Red Hat Enterprise Linux AS 4 Release Notes

The version of glibc provided with Red Hat Enterprise Linux 4 performs additional internal sanity checks to prevent and detect data corruption as early as possible. By default, should corruption be detected, a message similar to the following will be displayed on standard error (or logged via syslog if stderr is not open):

*** glibc detected *** double free or corruption: 0x0937d008 ***

By default, the program that generated this error will also be killed; however, this (and whether or not an error message is generated) can be controlled via the MALLOC_CHECK_ environment variable. The following settings are supported:

Should you have a program from a third party ISV that triggers these corruption checks and displays a message, you should file a defect report with the application's vendor, since this indicates a serious bug.

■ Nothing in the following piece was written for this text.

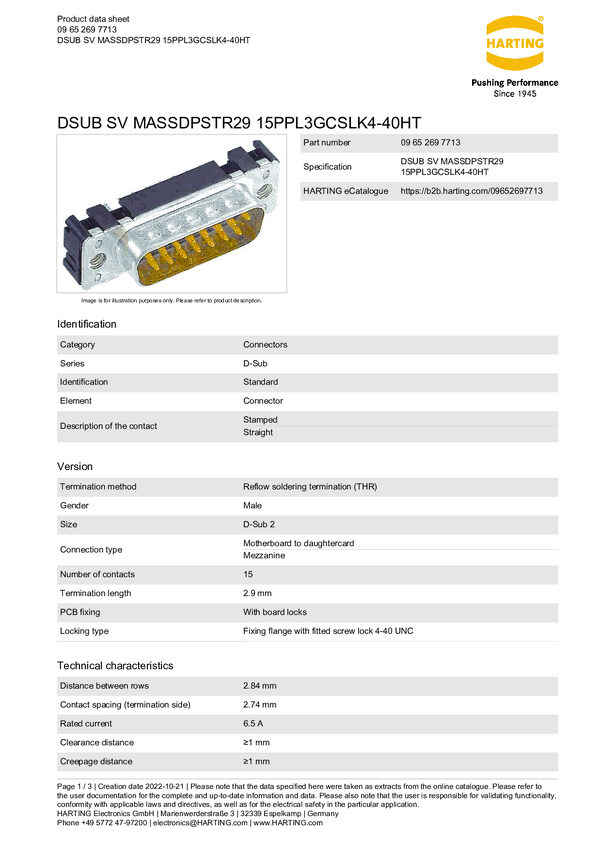 Harting 09652697713 Złącze męskie 09 65 269 7713, styki: 15, 1 szt.

Red Hat Enterprise Linux 4 includes a kernel known as the hugemem kernel. This kernel supports a 4GB per-process user space (versus 3GB for the other kernels), and a 4GB direct kernel space. Using this kernel allows Red Hat Enterprise Linux to run on systems with up to 64GB of main memory. The hugemem kernel is required in order to use all the memory in system configurations containing more than 16GB of memory. The hugemem kernel can also benefit configurations running with less memory (if running an application that could benefit from the larger per-process user space, for example.)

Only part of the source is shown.